--- Stored data Enclosed Below ---
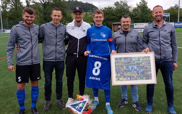 Verabschiedet wurden bei der SG Mettingen - Krenkingen am letzten Spieltag Co Trainer Moritz Meister und Daniel Albicker. Daniel Albicker spielte 19 Jahre aktiv für die 1. Mannschaft des FC Tiengen 08 und der SG Mettingen Krenkingen.
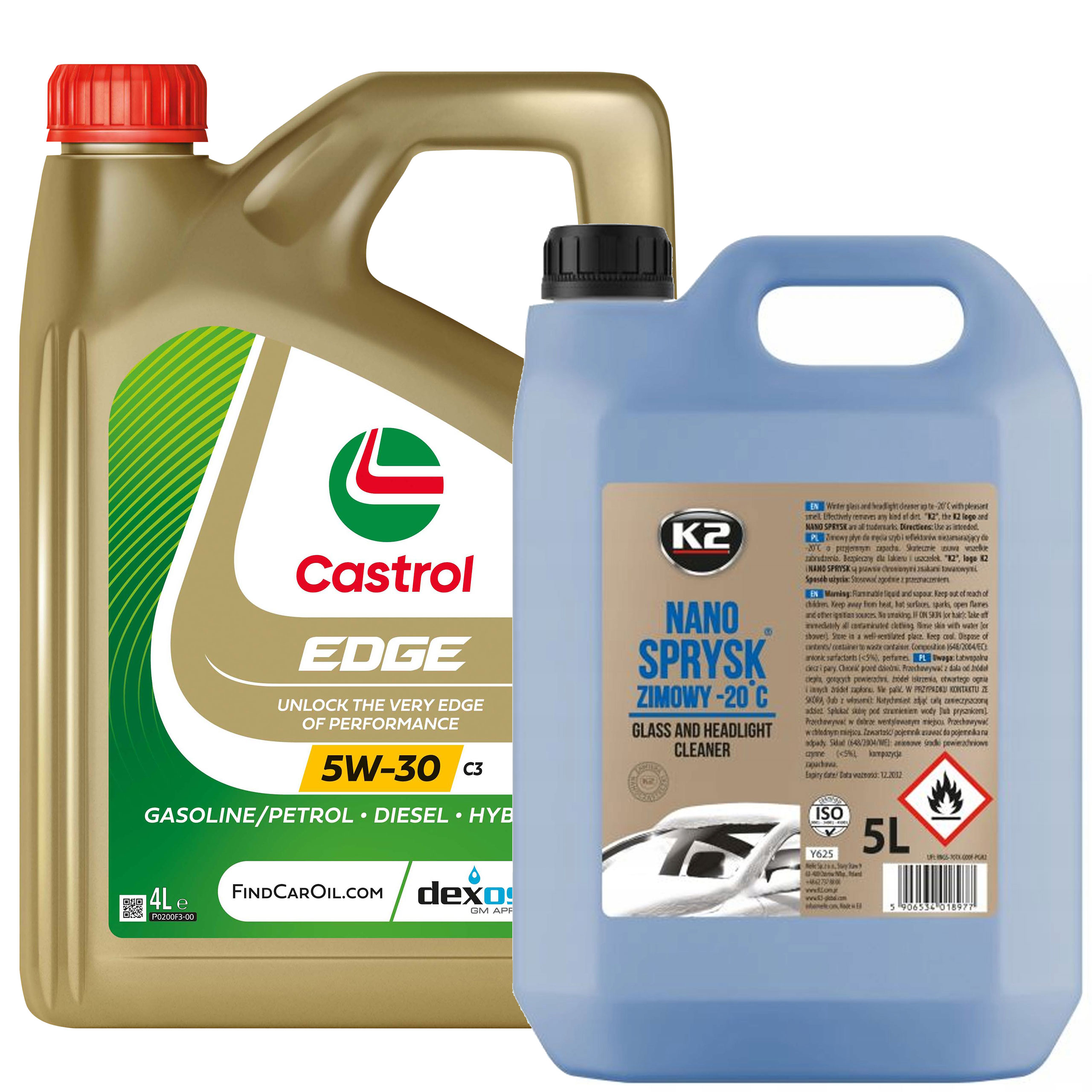 Zestaw Olej Castrol EDGE 5W-30 C3 4L + K2 Nano Sprysk Zimowy 5L
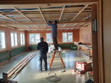 Durch Fronarbeit wurde die Zwischendecke des Kellers und des Speisesaals isoliert.
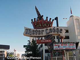 The city of Reno continues to modernize and mow down the cute little Route 66 type motels. All that is left of the Savoy Motor Lodge is this sign. Not sure why they didn't take it down, perhaps some collector wanted it. Many thanks to Dan MacPherson for photo and update. 12-08
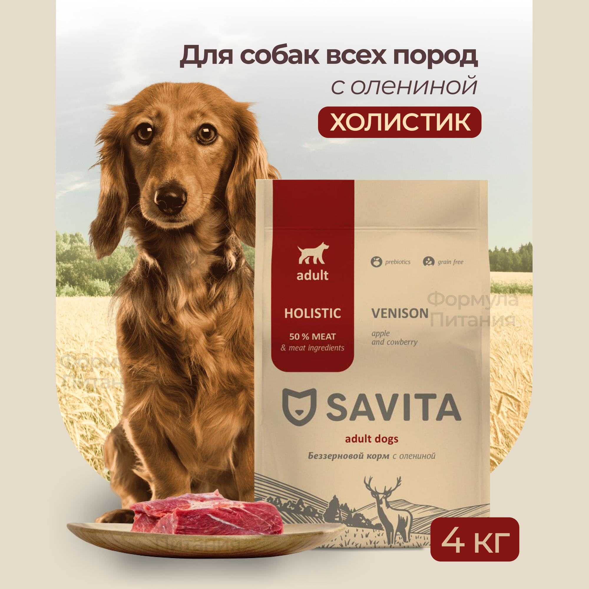 Корм сухой SAVITA, беззерновой, для взрослых собак с олениной, 4кг
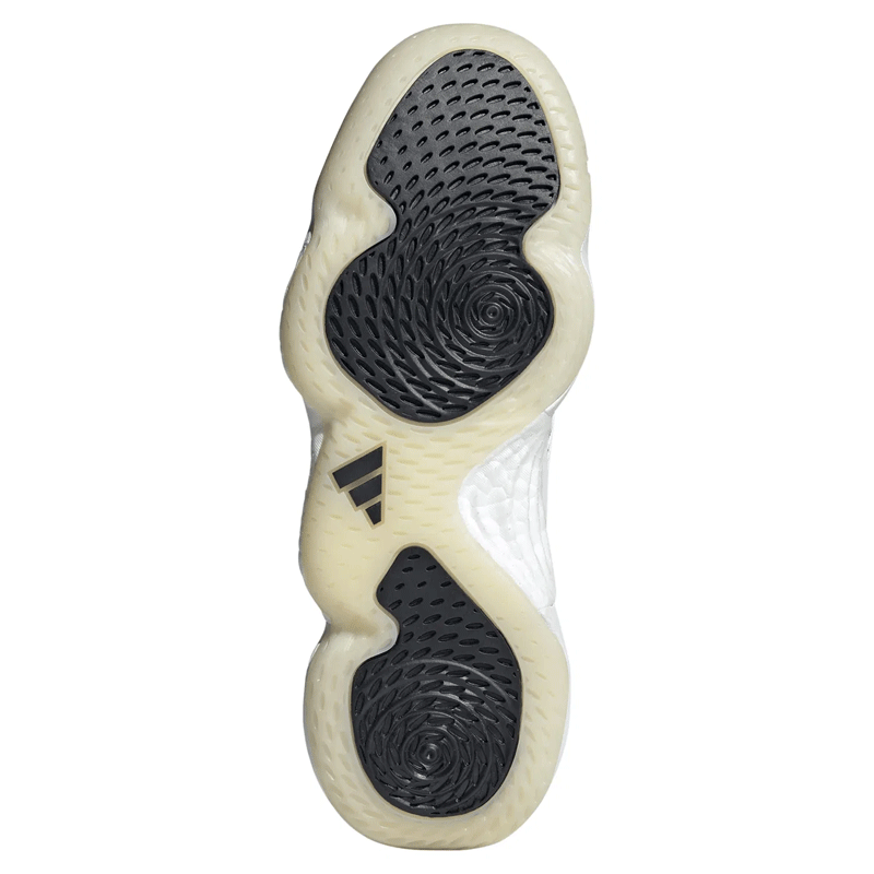 シューズ両側面で全く異なる構造を採用した斬新なデザインで、またアウトソールにもこれまでにない斬新なパターンが施されています。
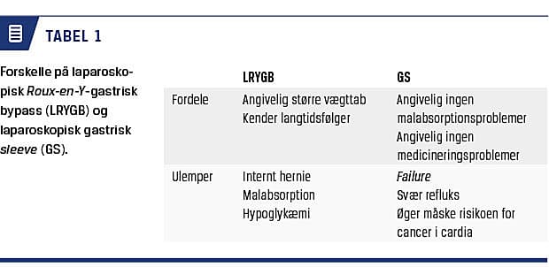 Indtil der foreligger bedre data fra de øvrige bariatriske procedurer, anbefales det, at overvægtige patienter tilbydes enten LRYGB eller GS. Vægttabet synes at være højere [23] ved LRYGB end ved GS (Tabel 2), og der er formentlig en mindre andel af patienterne, der ikke opnår et varigt vægttab med GS (Tabel 2) [1, 23]. Den første femårsopfølgning af patienter, der har fået foretaget GS) har mht. T2DM vist, at 44% fik tilbagefald af deres T2DM [24]. Ydermere er store hiatushernier og GS associeret med meget svær refluks [22, 25, 26], der teoretisk kan øge risikoen for cardiacancer [25]. Fordelen ved GS er til gengæld, at den er teknisk mere simpel end LRYGB, risikoen for mangeltilstande er minimal (Tabel 1), og der er ikke risiko for IH (Tabel 2) [29].
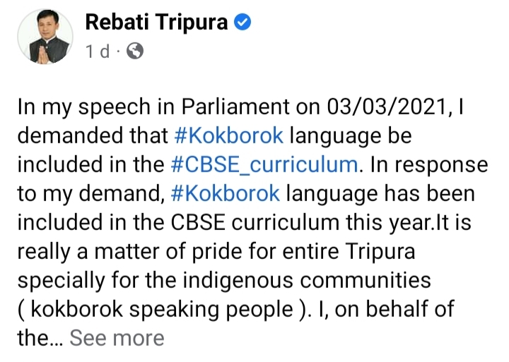 রাজ্যের ককবরক ভাষাকে সেন্ট্রাল বোর্ড অফ সেকেন্ডারি এডুকেশনে অন্তর্ভুক্ত করা হয়েছে। এটা অবশ্যই রাজ্যের জন্য গর্বের।এখন থেকে রাজ্যের ককবরক ভাষাভাষীর ছাত্র-ছাত্রীরা সিবিএসই’র সমস্ত পরীক্ষায় নিজেদের ভাষায় পরীক্ষা দিতে পারবে।২০২৩-র বিধানসভা ভোটের আগে জনজাতিদের নিয়ে প্রদ্যুত কিশোরের আন্দোলনকে অনেকটা ব্রেক গিয়ার দিতে পারবে কেন্দ্রীয় সরকারের এই সিদ্ধান্ত।
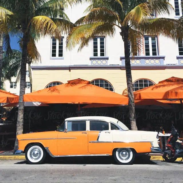 An orange and white car parked in front of a cream and white building, with orange umbrellas outside
--- End of Enclosed Stored data ---
**Aim of the task**
Extract only the lines from the one that contains "シューズ両側面で全く異なる構" through the end of the records, inclusive, and omit every picture.

**Answer**
 シューズ両側面で全く異なる構造を採用した斬新なデザインで、またアウトソールにもこれまでにない斬新なパターンが施されています。
 Indtil der foreligger bedre data fra de øvrige bariatriske procedurer, anbefales det, at overvægtige patienter tilbydes enten LRYGB eller GS. Vægttabet synes at være højere [23] ved LRYGB end ved GS (Tabel 2), og der er formentlig en mindre andel af patienterne, der ikke opnår et varigt vægttab med GS (Tabel 2) [1, 23]. Den første femårsopfølgning af patienter, der har fået foretaget GS) har mht. T2DM vist, at 44% fik tilbagefald af deres T2DM [24]. Ydermere er store hiatushernier og GS associeret med meget svær refluks [22, 25, 26], der teoretisk kan øge risikoen for cardiacancer [25]. Fordelen ved GS er til gengæld, at den er teknisk mere simpel end LRYGB, risikoen for mangeltilstande er minimal (Tabel 1), og der er ikke risiko for IH (Tabel 2) [29].
 রাজ্যের ককবরক ভাষাকে সেন্ট্রাল বোর্ড অফ সেকেন্ডারি এডুকেশনে অন্তর্ভুক্ত করা হয়েছে। এটা অবশ্যই রাজ্যের জন্য গর্বের।এখন থেকে রাজ্যের ককবরক ভাষাভাষীর ছাত্র-ছাত্রীরা সিবিএসই’র সমস্ত পরীক্ষায় নিজেদের ভাষায় পরীক্ষা দিতে পারবে।২০২৩-র বিধানসভা ভোটের আগে জনজাতিদের নিয়ে প্রদ্যুত কিশোরের আন্দোলনকে অনেকটা ব্রেক গিয়ার দিতে পারবে কেন্দ্রীয় সরকারের এই সিদ্ধান্ত।
 An orange and white car parked in front of a cream and white building, with orange umbrellas outside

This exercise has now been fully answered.